Umm, where can I get information about the "horizon problem"? I'm not familiar with it.
Diggo23
January 29th 2004, 02:18 AM
www.astro.virginia.edu/~jh8h/Foundations/links.htm there should be some info on the Horizon Problem in there. As far as i know there aren't any cosmologists that see this as being such a difficult problem that the whole paradigm need throwing out
Socrates
January 29th 2004, 03:29 AM
The horizon problem is still a huge difficulty. Christians should not be so ready to reinterpret the bible to fit an atheistic model. What happens when this model is turfed out -- they will have to reinterpret their reinterpretations.
Yes, the inflation hypothesis was proposed to solve this huge problem. But Guth's original idea was wrong, and there is far from any consensus on what inflation model should replace it. Some evolutionists are resorting to alternatives such as the ekpyrotic cyclic model [Steinhardt, P. and Turok, N., A cyclic model of the universe, Science 296(5572):1436–1439, 2002].
There is no mechanism that has been observed to cause superluminal space expansion, just speculations about what phase changes would do. And astronomers don't know what mechanism turns off the inflation once it starts—the ‘graceful exit’ problem [Kraniotis, G.V., String cosmology, International Journal of Modern Physics A 15(12):1707–1756, 2000].
Diggo23
February 6th 2004, 10:15 AM
The horizon problem is still a huge difficulty. Christians should not be so ready to reinterpret the bible to fit an atheistic model. What happens when this model is turfed out -- they will have to reinterpret their reinterpretations.
Yes, the inflation hypothesis was proposed to solve this huge problem. But Guth's original idea was wrong, and there is far from any consensus on what inflation model should replace it.

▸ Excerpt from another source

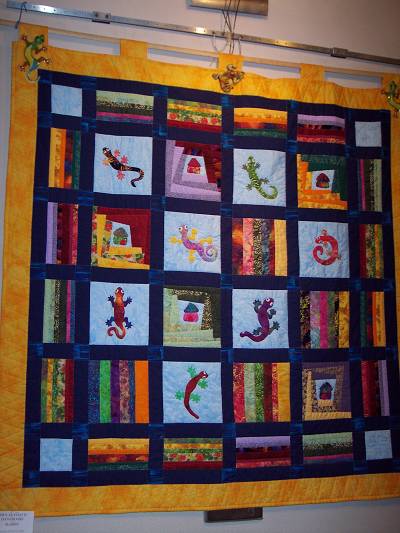 c'est vrai que cette maladie, c'est un vrai fléau et les chercheurs feraient bien de trouver de quoi la combattre, je suis de tout coeur avec celles qui subissent ça dans leur famille; chez nous, c'est une soeur de maman qui est atteinte, elle ne reconnait plus du tout aucun de ses enfants, c'est très triste voulez voir les jolis patchs que mes soeurs et moi nous avons fait pour nos enfants ? alors, nous toutes les 5, nous avons établi aussi une tradition: pour chaque enfant de la famille qui se marie, nous préparons un quilt en commun !! chacune en fait un petit morceau et en général, qui c'est qui se tape l'assemblage et le quilting ?, vous avez deviné . . . et oui, c'est bibi :D mais comme j'aime, c'est pas grave !! ;) alors celui-ci a été fait pour mon fils Guillaume et Adeline, ce sont des geckos, ils les aiment et en élèvent dans leur vivarium, :-O de plus les geckos ont fait partie du quotidien de Guillaume qui est arrivé avec nous en Afrique à l'âge de 5 mois et ce genre de bestioles ne lui faisait pas peur, comme tous les enfants (tout le contraire de moi @-) ) |

Some evolutionists are resorting to alternatives such as the ekpyrotic cyclic model [Steinhardt, P. and Turok, N., A cyclic model of the universe, Science 296(5572):1436–1439, 2002].
There is no mechanism that has been observed to cause superluminal space expansion, just speculations about what phase changes would do. And astronomers don't know what mechanism turns off the inflation once it starts—the ‘graceful exit’ problem [Kraniotis, G.V., String cosmology, International Journal of Modern Physics A 15(12):1707–1756, 2000].

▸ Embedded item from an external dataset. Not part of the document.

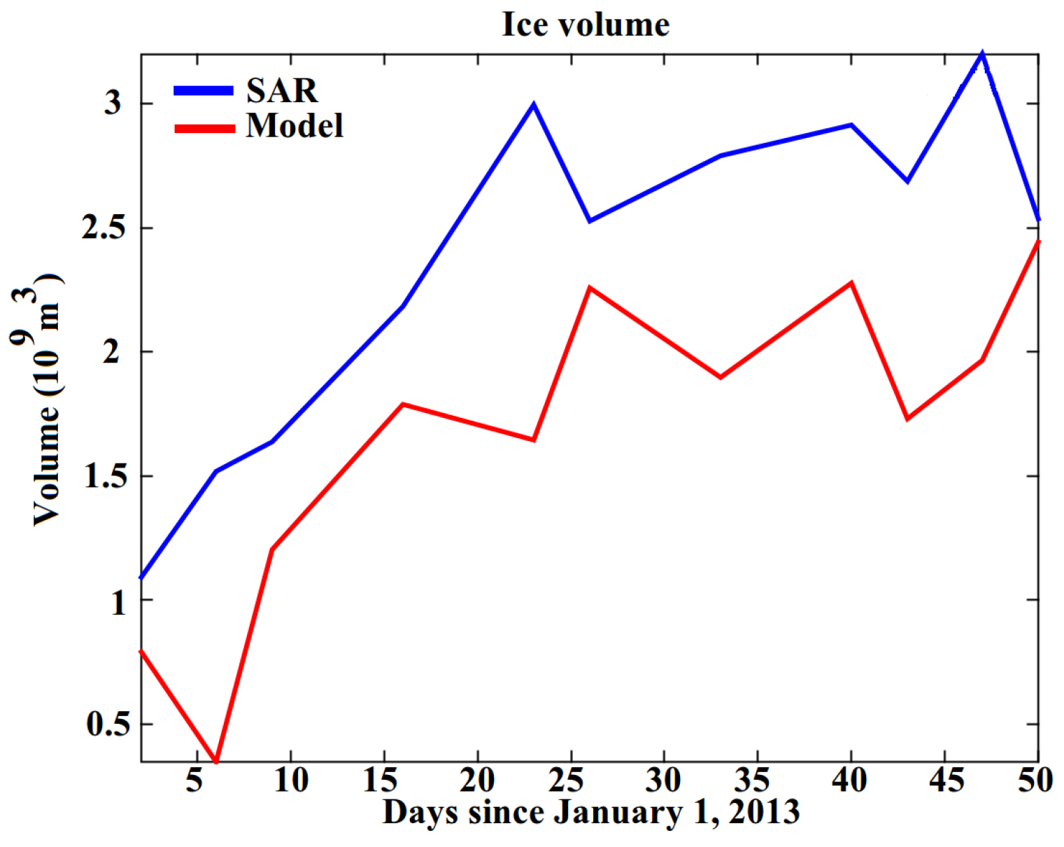 - Similä, M.; Mäkynen, M.; Karvonen, J.; Gegiuc, A.; Gierisch, A. Modeled sea ice thickness enhanced by remote sensing data. In Proceedings of the European Space Agency Living Planet Symposium, Prague, Czech Republic, 9–13 May 2016.

1) Recent discoveries giving detailed maps of the background radiation (Boomerang) have actually revealed that the angular peaks in the differences of the temp are exactly what have been predicted by the inflationary BB. Namely the effects of the gravity waves that come from the inflationary period.
2) You might want to check your reference on the ekpyrotic model point because i don't think it is accurate. The proposal of Steinhardt and Turok was that negative pressure would reverse the positive pressure that is expanding the universe. This would cause a contraction and hence bounce. Problem is that they have NO evidence for this neg pressure, it is a purely metaphysical assertion. This model is by no means held by many cosmologists at all.
3) The points about the inflationary period i need to do a bit more research on.
4) Just wandering how you would explain the multiple independent lines
of evidence for the standard BB model.
i) The temp of the background radiation coming out at 2.7 degrees from predictions by Ralph Alpher and Robert Herman who were remarkably on target predicting it to be 5 degrees. It was also remarkably uniform (measuring the same in all directions)
ii) the background radiation resembling a perfect blackbody radiator measured over a whole plethora of wavelengths
iii) Using the Keck, the further back in time that astronomers look (because light's travel time is finite) the higher the temp of the background radiation in sync with the BB model
iv) ration of photons to baryons which resembles an extremely entropic system. Again being evidence for the universe cooling down from a hot big bang beginning.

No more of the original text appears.